## RECORDED INFORMATION
****

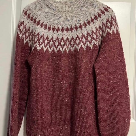 Eskimogenser strikket i alpakka fra Sandnes garn. Fargene: grå, grønn og terracotta.
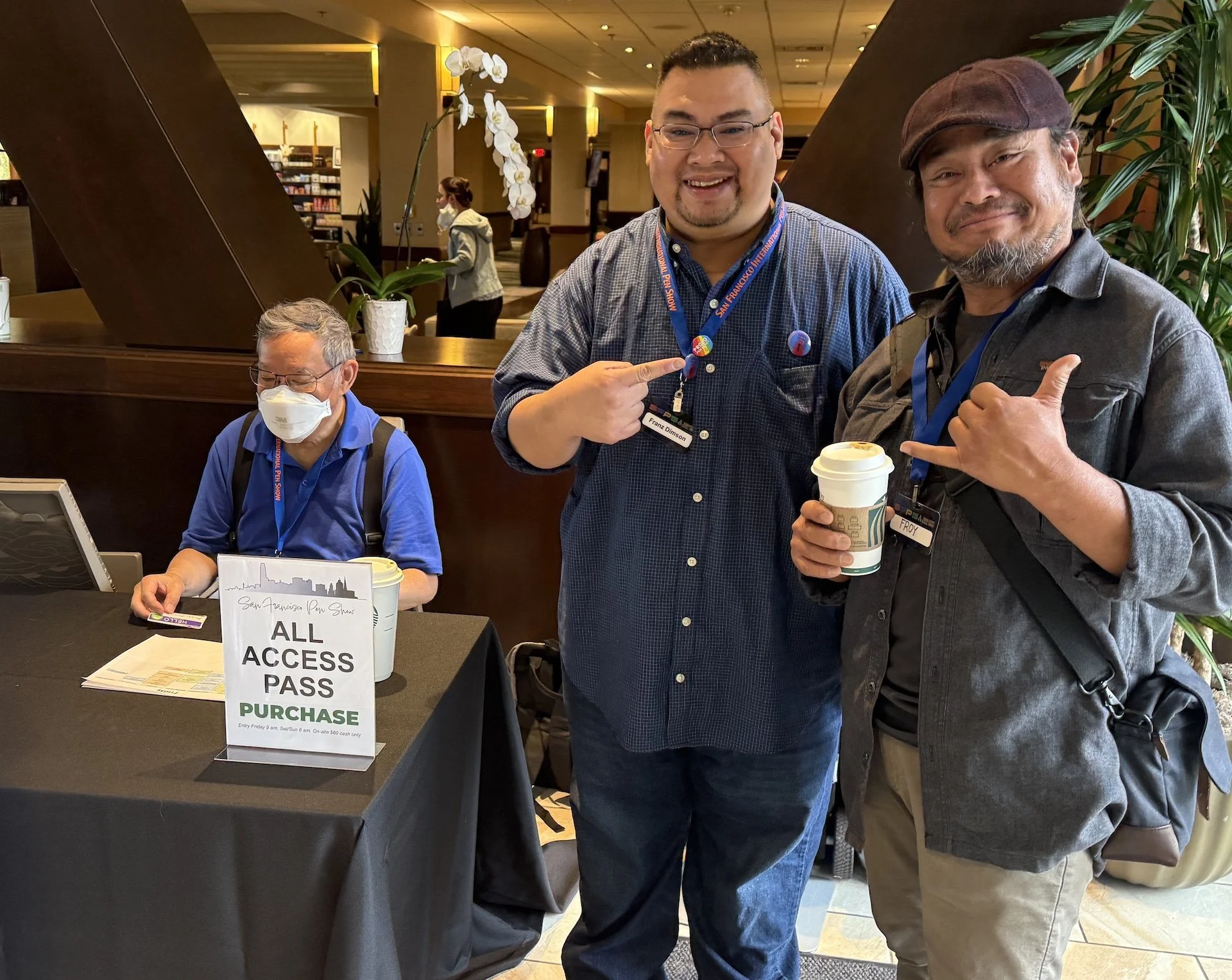 Gary, Franz, & Froy are a few of the volunteers from the SF Pen Posse who were helping at the various ticketing tables.
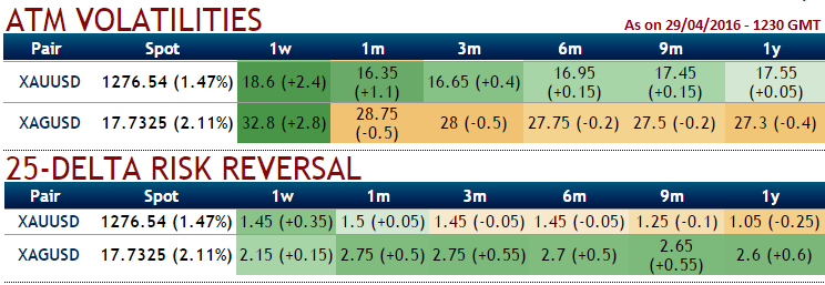 The implied volatility of 1W XAU/USD ATM contracts 18.6% and 16.35% for 1m tenors.

****

## EXERCISE DIRECTIONS
No pictures should appear in the copy; write out exactly the lines from the one containing "Gary, Franz, &" through the end of the material.

## WRITTEN REPLY
 Gary, Franz, & Froy are a few of the volunteers from the SF Pen Posse who were helping at the various ticketing tables.
 The implied volatility of 1W XAU/USD ATM contracts 18.6% and 16.35% for 1m tenors.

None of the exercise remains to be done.